#### LISTED ENTRIES

——————————

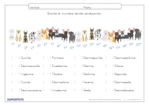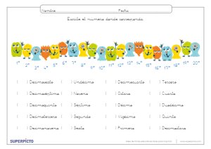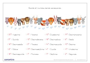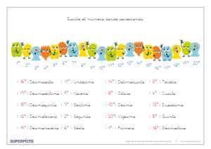 Ficha de aprendizaje sobre utilizar los veinte primeros números ordinales realizada con una metodología divertida y didáctica con el fin de ayudar y facilitar el aprendizaje. La ficha se presenta en formato pdf descargable y listo para imprimir.
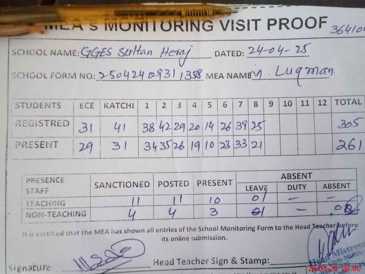 | Attendance Register | Head Teacher | MEA with School | Visit Proof |
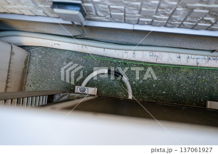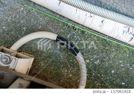 エアコン室外機のドレンホースが劣化していたので切断して新品と繋ぎ合わせた
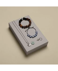 DIY – smykkedesign Boys Bead Box er fyldt med smarte smykkedele. Flotte tigerøje-sten, mat onyx og blå resin til at anvende i knyttede armbånd. Den friske, sølvbelagte kæde kan bæres alene eller med det specialdesignede smiley eller Yin-Yang vedhæng. I pakken medfølger også et par øreringe og et dagmarkors. Smykkeværktøj, som skal anvendes til at samle smykkesættene, sælges separat (varenummer BOX307001). Emballage: 18,5 x 11,5 x 3 Alder: 6+
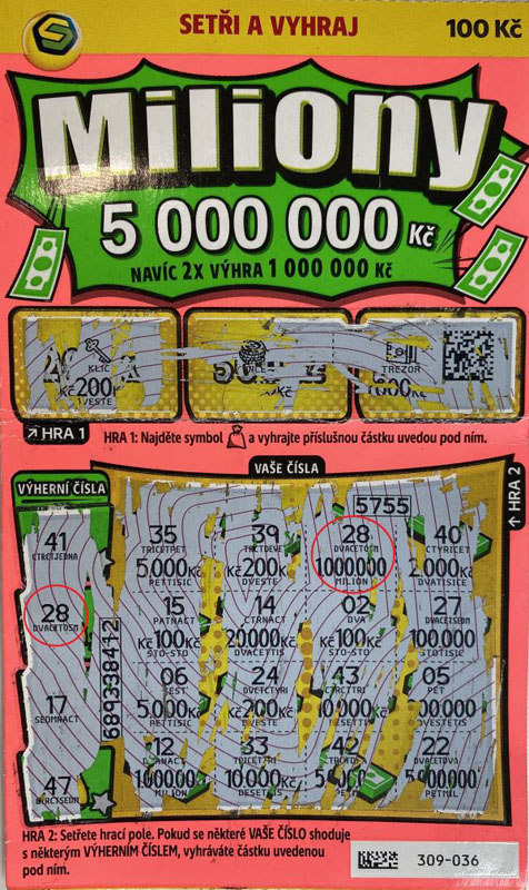 Napětí při stírání dosáhlo vrcholu, když výherní číslo 28 odhalilo skvostnou částku 1 000 000 Kč! Ten moment, kdy se objevila tato fantastická výhra, musel být nezapomenutelný. Gratulujeme šťastnému výherci k milionové radosti a přejeme, aby si tuto výhru užil podle svých největších snů!

——————————

#### WHAT THE TASK REQUIRES
Output the records above verbatim. Pictures stay out.

#### RESPONSE AREA
 Ficha de aprendizaje sobre utilizar los veinte primeros números ordinales realizada con una metodología divertida y didáctica con el fin de ayudar y facilitar el aprendizaje. La ficha se presenta en formato pdf descargable y listo para imprimir.
 | Attendance Register | Head Teacher | MEA with School | Visit Proof |
 エアコン室外機のドレンホースが劣化していたので切断して新品と繋ぎ合わせた
 DIY – smykkedesign Boys Bead Box er fyldt med smarte smykkedele. Flotte tigerøje-sten, mat onyx og blå resin til at anvende i knyttede armbånd. Den friske, sølvbelagte kæde kan bæres alene eller med det specialdesignede smiley eller Yin-Yang vedhæng. I pakken medfølger også et par øreringe og et dagmarkors. Smykkeværktøj, som skal anvendes til at samle smykkesættene, sælges separat (varenummer BOX307001). Emballage: 18,5 x 11,5 x 3 Alder: 6+
 Napětí při stírání dosáhlo vrcholu, když výherní číslo 28 odhalilo skvostnou částku 1 000 000 Kč! Ten moment, kdy se objevila tato fantastická výhra, musel být nezapomenutelný. Gratulujeme šťastnému výherci k milionové radosti a přejeme, aby si tuto výhru užil podle svých největších snů!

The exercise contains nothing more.